** Opening Data for analysis block **

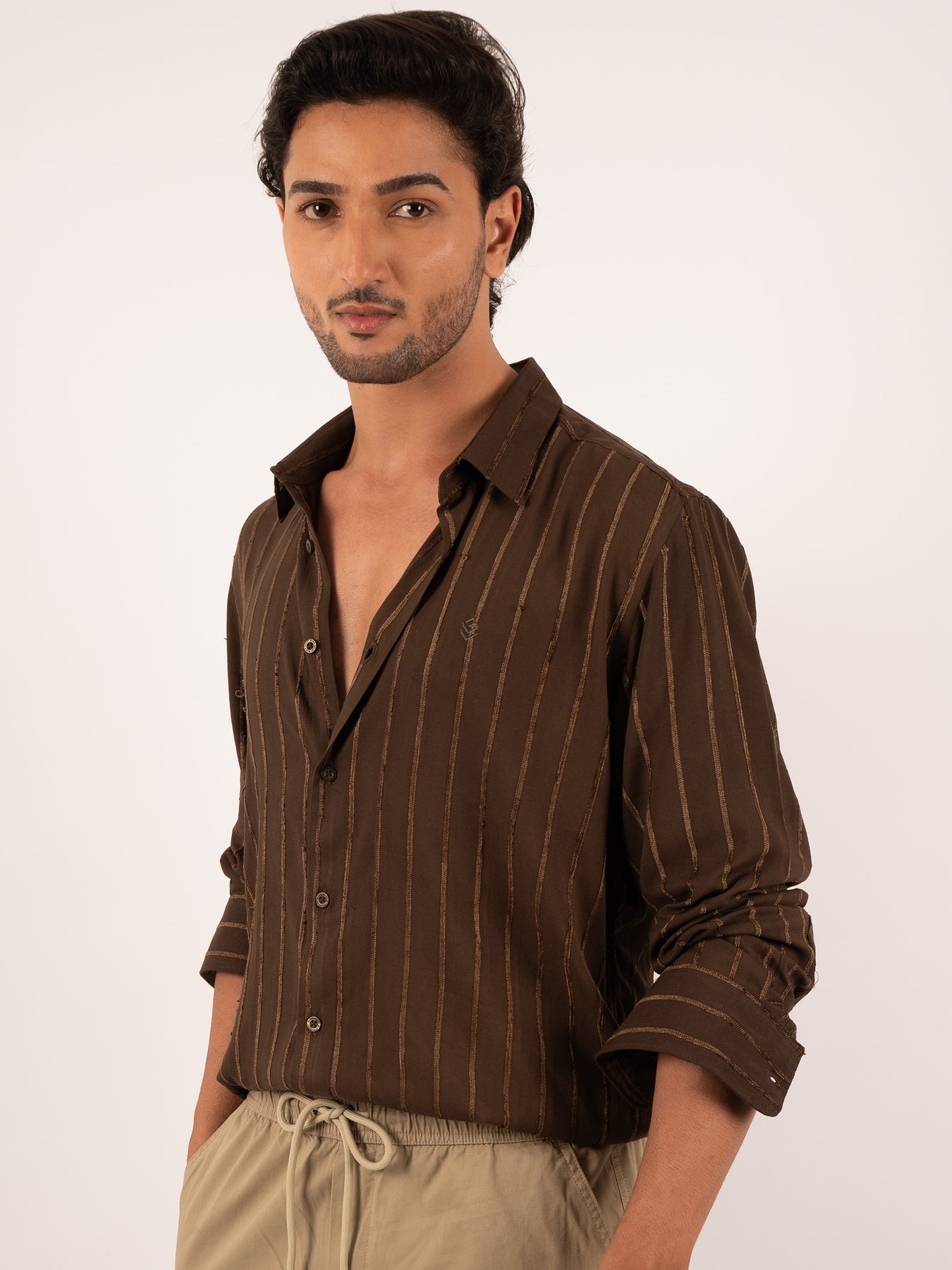 Add a touch of refined style to your wardrobe with this elegant brown shirt featuring vertical gold stripes. Designed for both comfort and sophistication, this shirt is perfect for casual outings, semi-formal events, or a smart everyday look. The subtle gold detailing adds a hint of luxury, while the soft fabric ensures breathability and ease of movement throughout the day.
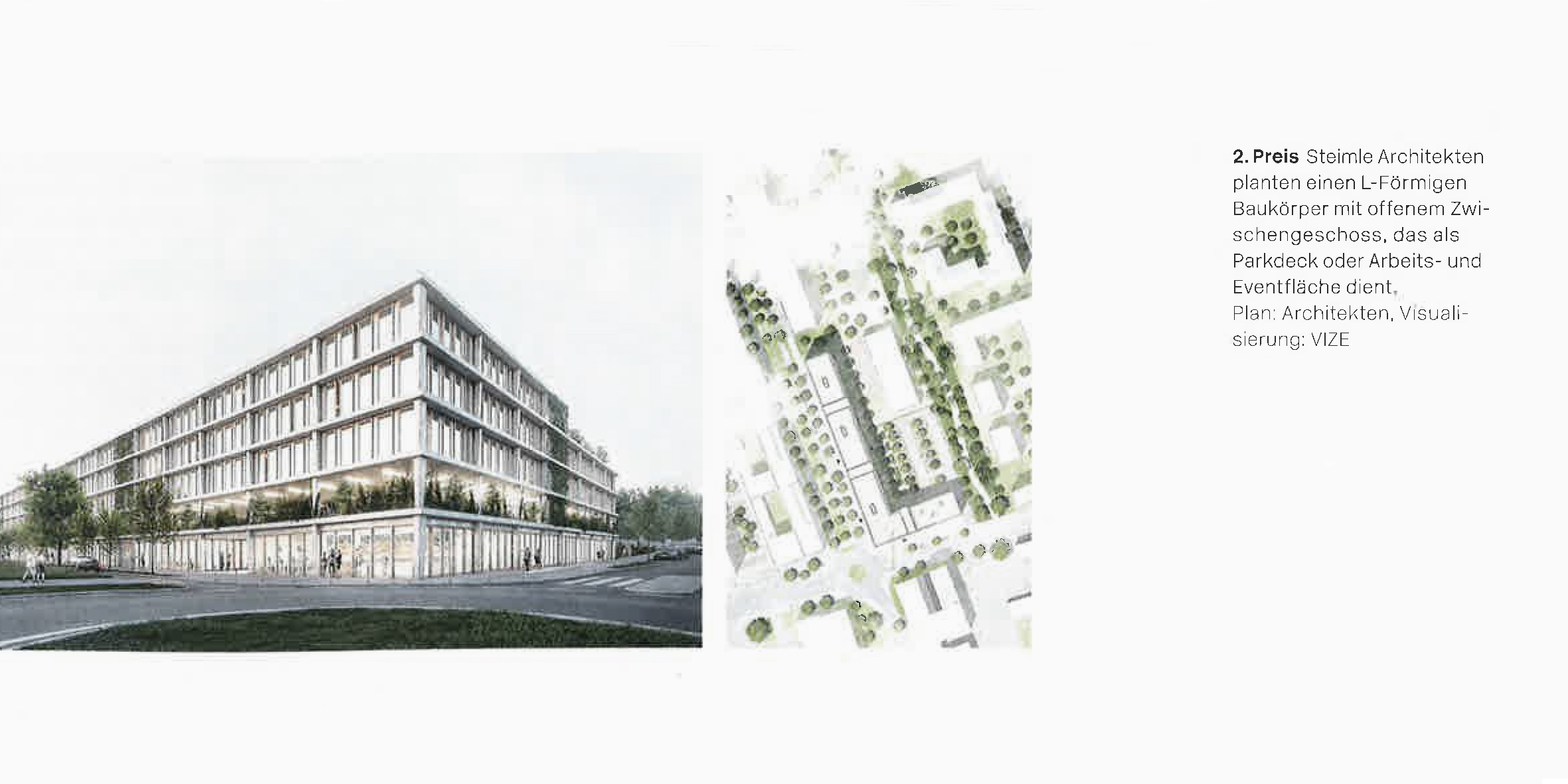 Steimle Architekten erlangten zusammen mit Möhrle und Partner Landschaftsarchitekten den zweiten Preis für den von der Landeshauptstadt Wiesbaden ausgelobten Wettbewerb für ein Bürogebäude.
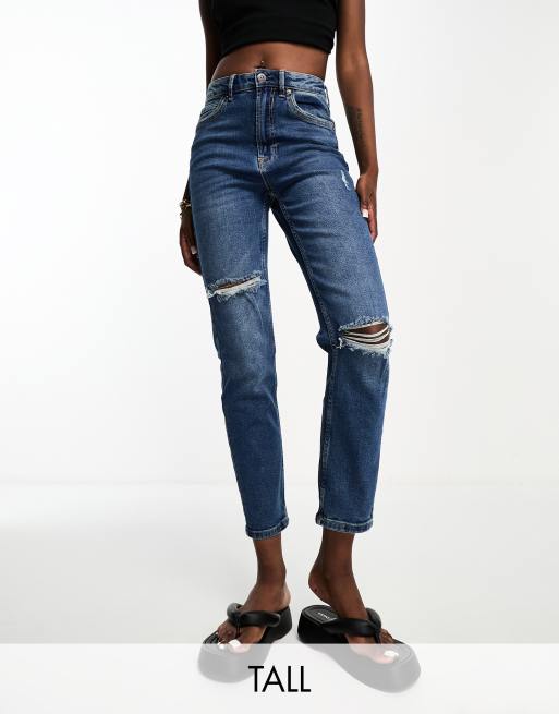 Stretchy high waisted mom jeans clearance, Stradivarius Tall slim mom jean with stretch and rip in medium blue clearance
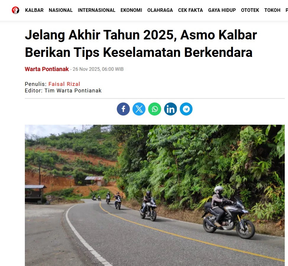 Jelang Akhir Tahun 2025, Asmo Kalbar Berikan Tips Keselamatan Berkendara by Faisal Rizal 26 November 2025 in Silahkan kunjungi https://wartapontianak.pikiran-rakyat.com/gaya-hidup/pr-1179818200/jelang-akhir-tahun-2025-asmo-kalbar-berikan-tips-keselamatan-berkendara. You Might Like Regional Public Launching New ADV160 The SUV Pride Grand Launching New PCX 160 Truly Exceptional! Tetap hati-hati ya bro sist berkendara saat hujan.
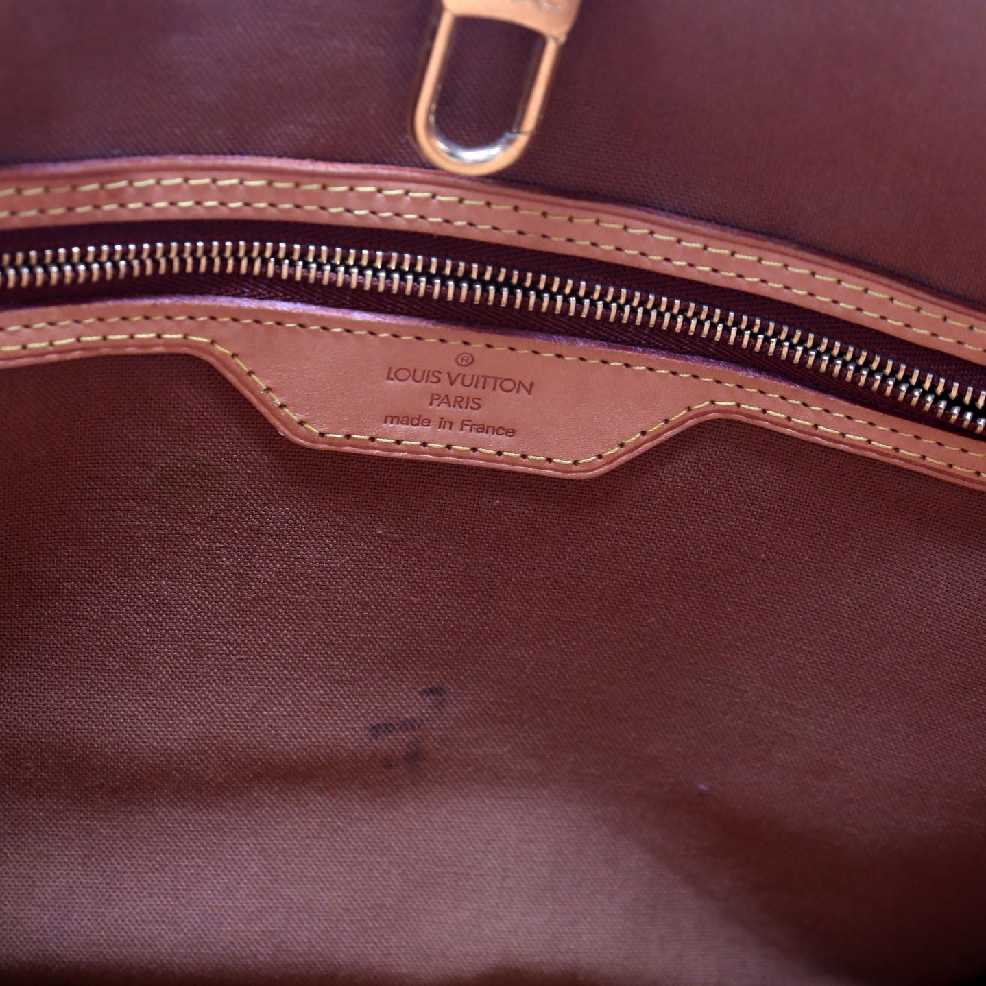 Interior: The interior features one open pocket and one zip closure pocket. There is discoloration and wear to the interior fabric.

** Closing Data for analysis block **

Return all of the entries exactly as written, but drop any pictures they hold.

 Add a touch of refined style to your wardrobe with this elegant brown shirt featuring vertical gold stripes. Designed for both comfort and sophistication, this shirt is perfect for casual outings, semi-formal events, or a smart everyday look. The subtle gold detailing adds a hint of luxury, while the soft fabric ensures breathability and ease of movement throughout the day.
 Steimle Architekten erlangten zusammen mit Möhrle und Partner Landschaftsarchitekten den zweiten Preis für den von der Landeshauptstadt Wiesbaden ausgelobten Wettbewerb für ein Bürogebäude.
 Stretchy high waisted mom jeans clearance, Stradivarius Tall slim mom jean with stretch and rip in medium blue clearance
 Jelang Akhir Tahun 2025, Asmo Kalbar Berikan Tips Keselamatan Berkendara by Faisal Rizal 26 November 2025 in Silahkan kunjungi https://wartapontianak.pikiran-rakyat.com/gaya-hidup/pr-1179818200/jelang-akhir-tahun-2025-asmo-kalbar-berikan-tips-keselamatan-berkendara. You Might Like Regional Public Launching New ADV160 The SUV Pride Grand Launching New PCX 160 Truly Exceptional! Tetap hati-hati ya bro sist berkendara saat hujan.
 Interior: The interior features one open pocket and one zip closure pocket. There is discoloration and wear to the interior fabric.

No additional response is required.